The fact is that every war, since Jesus ascended, every earthquake, every environmental disaster, every mass killing, every pandemic, every sinful act of human beings, are all signs that Jesus return is eminent. As we march through time, we are certainly closer to his coming today than ever before.

And what should our reaction be to all these signs? Jesus calls us to be prepared, be ready, always. In terms of our parable, bring enough oil for a long wait, because we don’t know how long it will be.

How exactly do we do that? Martin Luther was asked if he knew for sure that Christ was returning tomorrow, what would he do? He said, “Plant an apple tree.” What he meant was that he would continue to do exactly what he was doing.

So, should we continue to build a church? Should we hunker down and wait for Jesus eminent return? We should continue to do what we have always done. Preach the Gospel of Jesus. Call for repentance. Offer baptism for those who God calls to faith. Live at the foot of the cross. It is there we receive the promises delivered by Jesus. The forgiveness of our sins, life, and salvation.
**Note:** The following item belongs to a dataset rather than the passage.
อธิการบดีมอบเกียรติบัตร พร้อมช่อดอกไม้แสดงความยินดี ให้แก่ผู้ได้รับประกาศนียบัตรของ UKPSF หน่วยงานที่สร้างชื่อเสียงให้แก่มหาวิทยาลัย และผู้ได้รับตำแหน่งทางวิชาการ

As Luther said, “Where there is forgiveness of sins there is life and salvation.”

And what of the terrible things we see around us? They should drive us to the cross, in repentance and faith. Faith that God is in control, and the time will come when all these things will end. And they should compel us to tell the world about the solution for distress, trouble and evil. That solution is faith in Jesus.
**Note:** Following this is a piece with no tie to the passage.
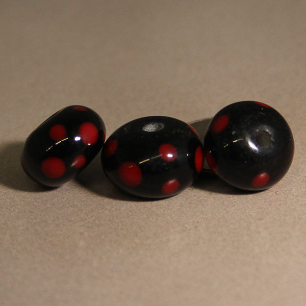 Spacer Bead - Glass - Black with Red Dots Bead - .48" Round x .32" Height with a .1" hole diameterSKU: JEBE-STI-008Special Price $0.65 Regular Price $1.00 -

Only faith in Jesus overcomes evil. Only faith in Jesus allows us to forgive as we have been forgiven. Only faith in Jesus allows conflict in our personal lives to end. Only faith in Jesus gives us comfort in the face of death. Only faith in Jesus allows us to see war for what it is; a horrible consequence of sin. One that has its only solution in Jesus, and his death on the cross to forgive that sin.

“Always be prepared.” I think the Boy Scout motto goes something like that. It is what we are to do also. And to be prepared we do what we have always done. Trust Jesus. Trust his word. Trust the gifts he gives us in the sacraments. And proclaim his forgiveness to the ends of the earth. Amen.

The peace of God that passes all understanding, keep your hearts and minds in Christ Jesus. Amen.